Local Cricket Stats Processing
As of a couple of years ago, I play cricket in beautiful Victoria BC. The website for the Victoria District Cricket Association when I joined was a bit of a shambles, and last season I volunteered some time with a couple of other guys to help overhaul it. Buckle up, this is a post about building a website and doing data migrations. A fun time will be had by all!
The task itself involved moving away from an integrated website/database solution, run and supported (poorly) by one guy, and across to a better platform that allowed us a lot more flexibility, at a much lower cost. We had to choose a new scorecard database provider and build a new website around the functionality that it provided. Oh, and of course we'd need to migrate 12 years' worth of scorecard data from the previous format to the new structure.
The migration itself wasn't particularly difficult. The new database provider, Cricketstatz, actually did a lot of the legwork in migrating across the scorecards. They provided functionality to convert a bunch of popular formats to their in-house standard. With a little bit of Python scripting and the help of Selenium (which is magic, by the way), we were able to move all of the data across with minimal loss.
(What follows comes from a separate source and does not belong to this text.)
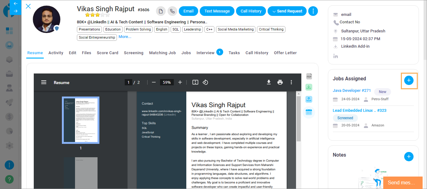 You can open a Candidate View Dialogue box by clicking on the Candidate name from the Candidate Screen. You will see the option to Assign a Job on the right-hand side. Click on it, and a list of Jobs will appear. Click on the "+" icon.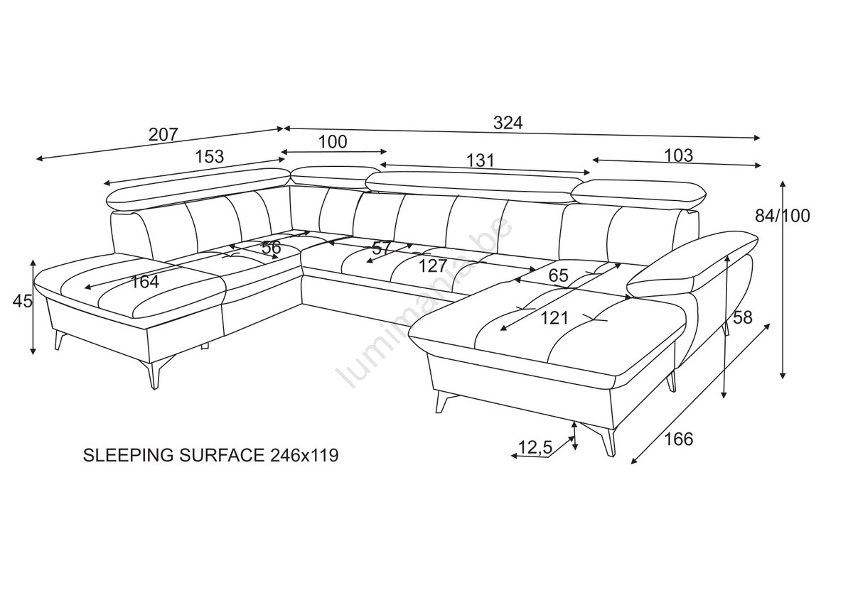 • Deze U-vormige bank combineert comfort, functionaliteit en een modern uiterlijk in één meubelstuk.

For migration of the website, we settled on Wix as the provider, given that it's one of the best products for non-technical folk going around. That process involved a bit of work (some of which is still ongoing) around design and customizing how the site would look. One aspect of this required us to do a bit of UI/UX work was around how people wanted to interact with the stats pages. This is where we started to run into headaches.
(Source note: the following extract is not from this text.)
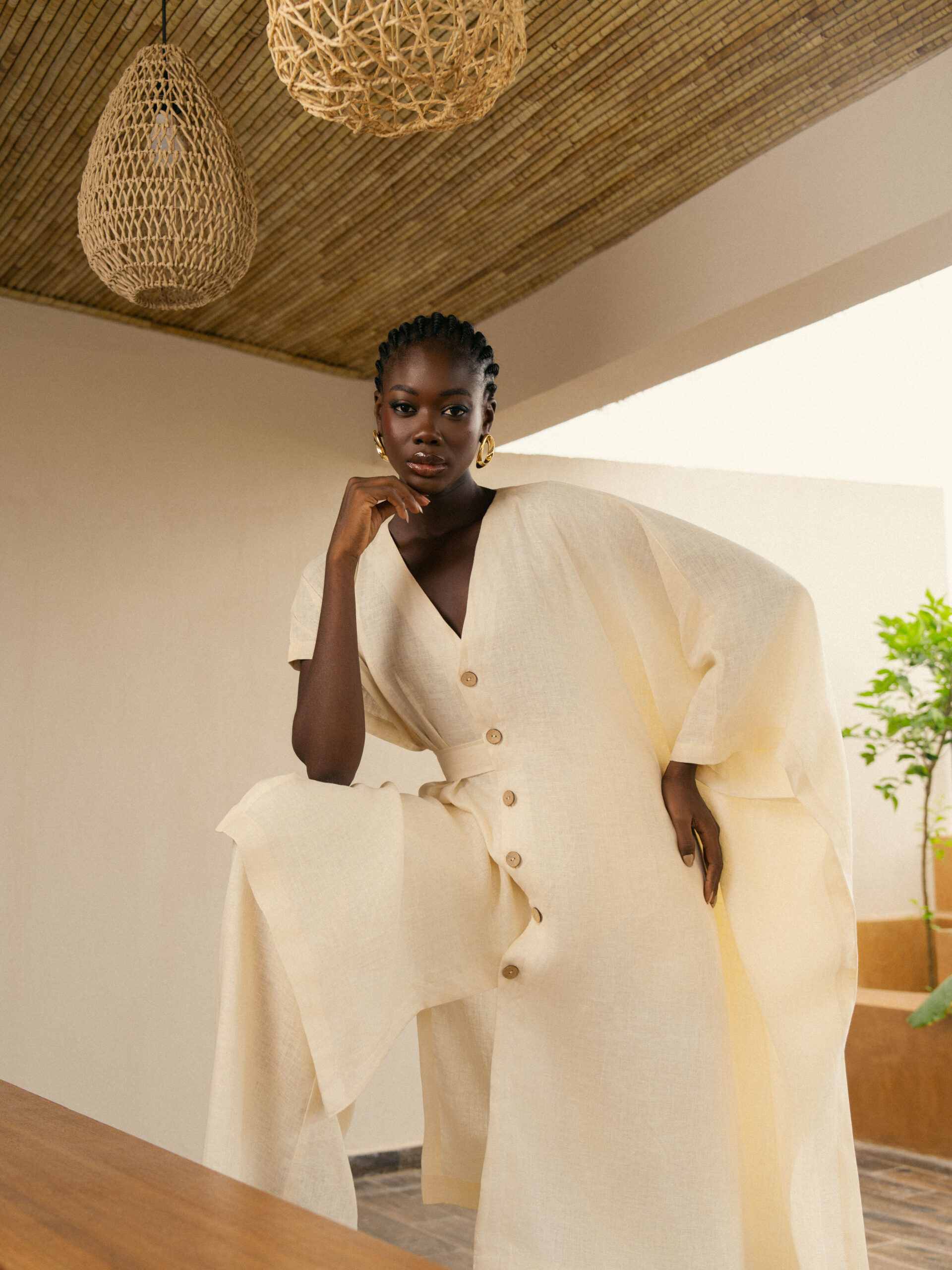 Boubou en fils d’argent à nouer à l’intérieur avec des lacets pour marquer la taille. Jolies plis en finition et à l’encolure

We have the (apparently) unique situation in our organization where the junior players are allowed to play for multiple senior clubs. In any given week, our U19 players may play for up to 3 teams. On the flipside, our U19 senior team, the Colts, allow up to 2 overage players to suit up for their team each week. This is for developmental purposes and to help the juniors learn from experienced cricketers from different teams (at least, that's what our PR group would have you believe). Unfortunately, our new scorecard and statistics provider doesn't easily let us query stats by player and team such that we can judge seasonal awards on a per-team basis. The Cricketstatz API's and canned reports couldn't easily support this requirement, and our existing stats pages were a bit of a shambles as a result. Cue our need to create a secondary stats database and API for this purpose.
I quickly sketched out a reasonably decoupled architecture for the system based on doing twice-daily data migrations from the Cricketstatz scorecard and player database into our secondary statistics database. See below for a horribly low-res version.
We're running a Docker container on a DigitalOcean droplet (VM) with a small, self-contained SQLite database that is updated every 6-12 hours from the main statistics database provided and managed by Cricketstatz. The data update process is written in Python leveraging a few useful libraries (BeautifulSoup, SQLAlchemy, requests, pandas) and implements a full ORM for interacting with the database. It pulls the appropriate reports from Cricketstatz and populates or updates records found in our stats database. It's run on a schedule using cron inside the container. On the API side it's super lightweight with a handful of methods for returning the bowling, batting and fielding stats per the SQLAlchemy models. It's written in Python using Flask and Flask-RESTful libraries. I would be remiss if I didn't include a shout-out to this repo which provides a suite of Docker images/scripts for quickly standing up a Flask application with UWSGI and NGINX. It meant I could go from nothing to a functional API for testing in about 10 minutes.
As noted above, we see a number of benefits by implementing such a solution:
1. Old iFrame implementation of stats pages requires us to pull in about 1-dozen Cricketstatz reports, do data manipulation and presentation client-side and render into our table manually. This takes 4-8 seconds and results in high latency for loading pages. New version simply calls an API to return and render processed data in < 1 second.
2. Custom filtering (seasons, teams, grades, etc.) is difficult due to the way the Cricketstatz reports work. Now we can implement this in the API and consolidate all stats into one page.
3. Previously we had HTML iFrame code for 6+ separate stats pages that needed to be manually updated every time we changed things. Now we have an API that can be redeployed at will and one front-end code base contained in Wix. This means that maintenance is much less of a burden.
4. The behaviour of the iFrame implementation on mobile was unstable. The datatables plugin that we used had issues running embedded in iFrames. Now we use the standard Wix table plugin that is mobile-responsive.
We're not yet entirely up-and-running with this solution, but we're hoping to be by the time pre-season training starts up in April. I'll update this post with details once we go live. For the time being, you can check out the VDCA website as it currently stands, with the old stats pages intact. The code for the new solution is available on my Github page.